AVAILABLE DATA.
◇ ◇ ◇ ◇ ◇ ◇ ◇
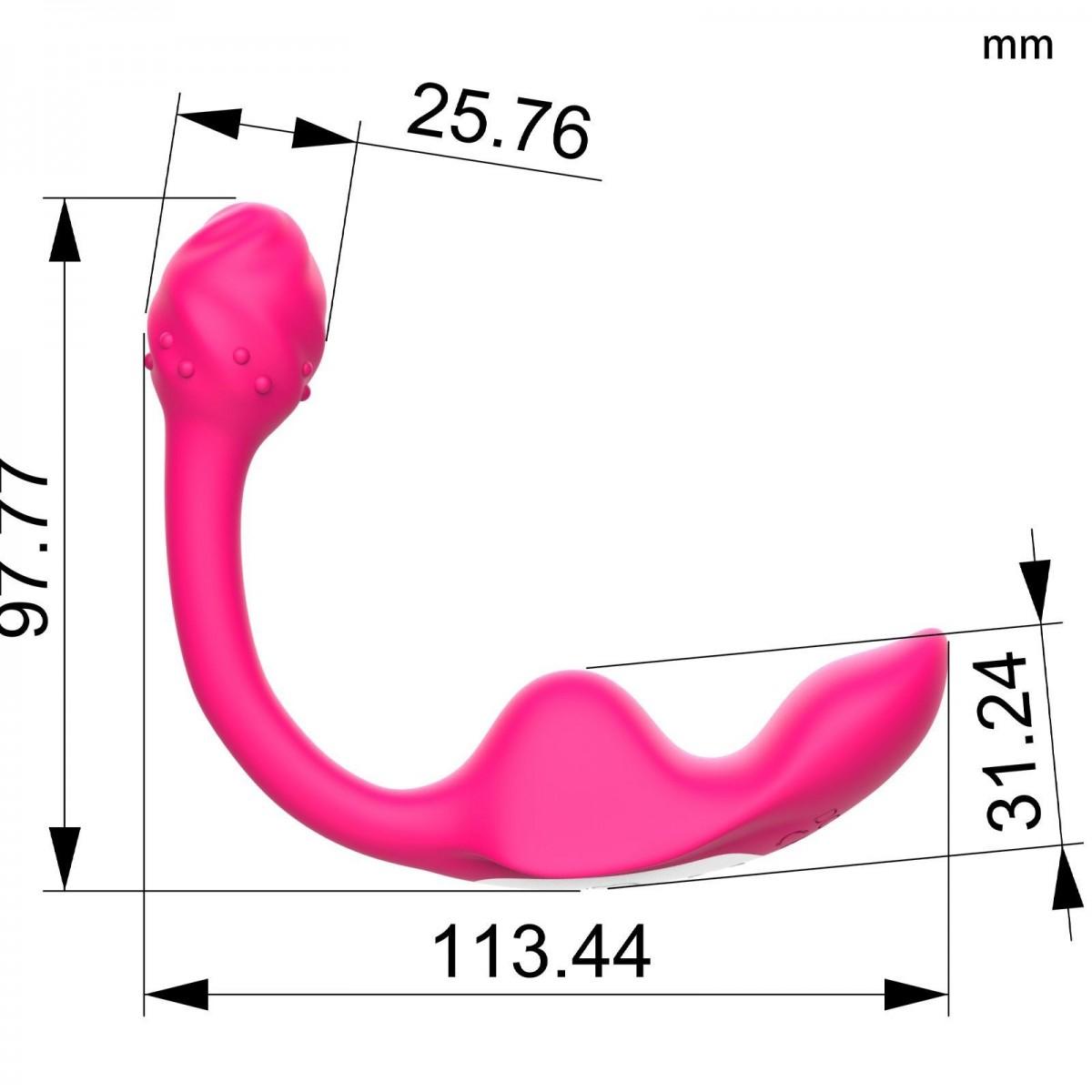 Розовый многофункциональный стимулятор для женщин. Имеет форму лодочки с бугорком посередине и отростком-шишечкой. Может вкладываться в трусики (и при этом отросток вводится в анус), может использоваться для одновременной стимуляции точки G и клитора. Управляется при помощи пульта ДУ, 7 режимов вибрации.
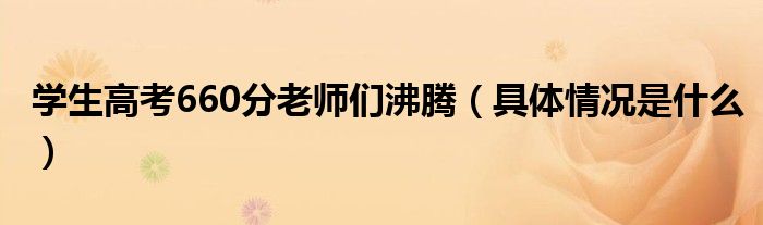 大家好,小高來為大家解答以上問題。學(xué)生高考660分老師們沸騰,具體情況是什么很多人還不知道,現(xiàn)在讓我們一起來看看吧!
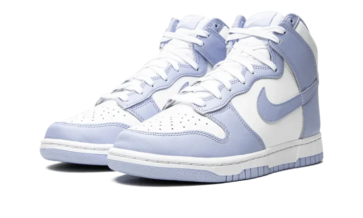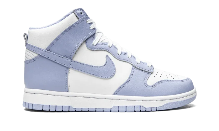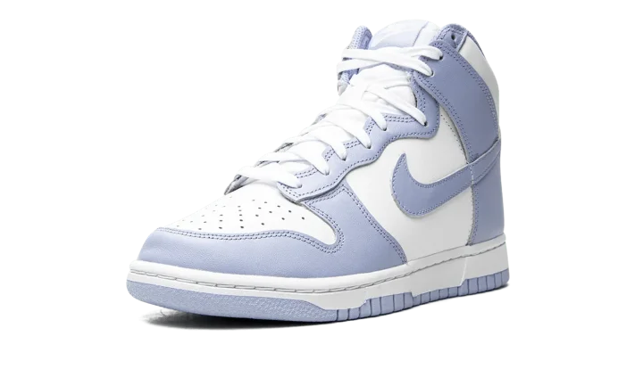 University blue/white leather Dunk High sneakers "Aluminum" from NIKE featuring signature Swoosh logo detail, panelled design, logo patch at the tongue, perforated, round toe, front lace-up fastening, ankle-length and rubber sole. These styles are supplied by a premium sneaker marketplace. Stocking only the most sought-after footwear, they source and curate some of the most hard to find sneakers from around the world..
◇ ◇ ◇ ◇ ◇ ◇ ◇
ASSIGNMENT. Word-for-word repeat, images excluded: return all the data.

WRITTEN RESPONSE.
 Розовый многофункциональный стимулятор для женщин. Имеет форму лодочки с бугорком посередине и отростком-шишечкой. Может вкладываться в трусики (и при этом отросток вводится в анус), может использоваться для одновременной стимуляции точки G и клитора. Управляется при помощи пульта ДУ, 7 режимов вибрации.
 大家好,小高來為大家解答以上問題。學(xué)生高考660分老師們沸騰,具體情況是什么很多人還不知道,現(xiàn)在讓我們一起來看看吧!
 University blue/white leather Dunk High sneakers "Aluminum" from NIKE featuring signature Swoosh logo detail, panelled design, logo patch at the tongue, perforated, round toe, front lace-up fastening, ankle-length and rubber sole. These styles are supplied by a premium sneaker marketplace. Stocking only the most sought-after footwear, they source and curate some of the most hard to find sneakers from around the world..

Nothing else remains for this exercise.